Washington -A U.S. study published in Nicotine & Tobacco Research said e-cigarettes could lead to a 21 percent drop in deaths from smoking-related diseases in those born after 1997.
The study, funded by the National Institute on Drug Abuse, the National Cancer Institute and the Cancer Intervention and Surveillance Modeling Network, found that under most plausible scenarios e-cigarettes and other vapor products have a generally positive public health impact.
Multiple studies have sought to assess the impact of e-cigarettes on public health, with conflicting results.

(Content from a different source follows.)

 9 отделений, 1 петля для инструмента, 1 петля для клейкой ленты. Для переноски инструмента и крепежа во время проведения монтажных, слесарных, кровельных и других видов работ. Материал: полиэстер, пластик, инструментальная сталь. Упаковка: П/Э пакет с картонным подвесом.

Earlier this year a University of California study of high school students found that those who used e-cigarettes were more than twice as likely to also smoke traditional cigarettes.

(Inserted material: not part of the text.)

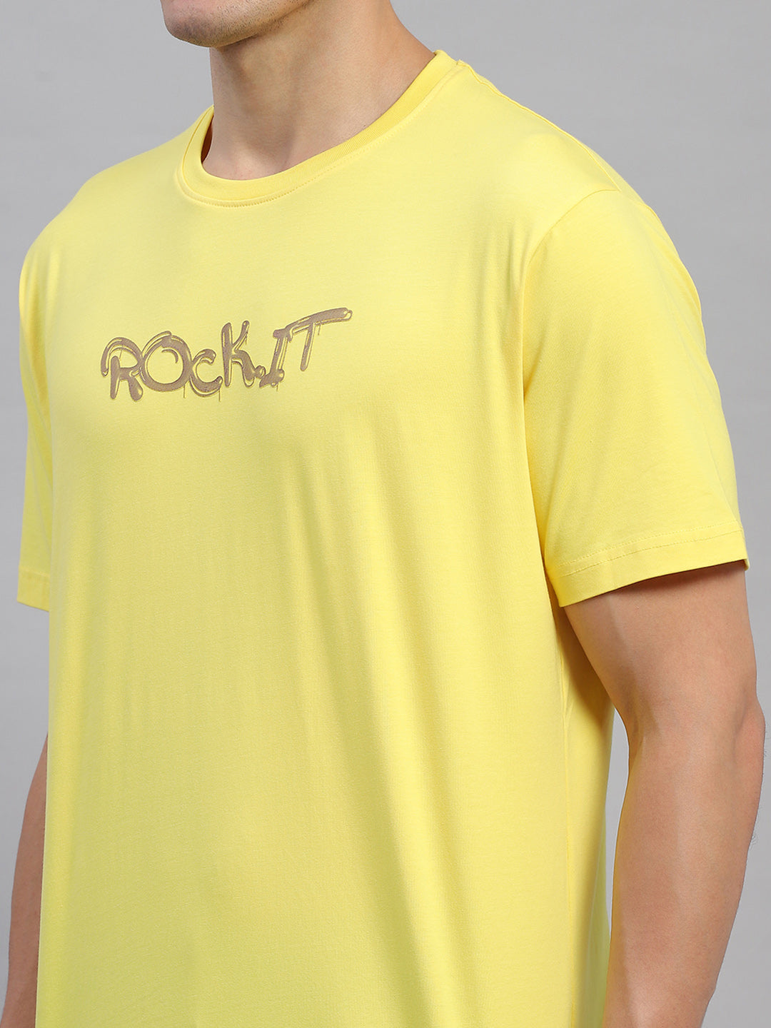 Men Yellow Solid Round Neck Half Sleeve T-Shirt

The latest study differs from prior ones because it summarizes patterns of use from national data, the authors said. Previous studies have used local data that may have unusual patterns and are not necessarily representative of the whole country.
The study distinguishes between youths who vape who would not otherwise have taken up any nicotine product, and those who vape, who would otherwise have smoked cigarettes. When both those populations are taken into account, the benefit outweighs the harm, according to the study.
Many experts believe there are health benefits for smokers who switch completely to e-cigarettes.
“While the data are still not as clear as we would like, we present the entire picture with national data so we think our estimates are as good as we can get,” said David Abrams, executive director of the Schroeder Institute of Tobacco Research and Policy Studies at the Truth Initiative.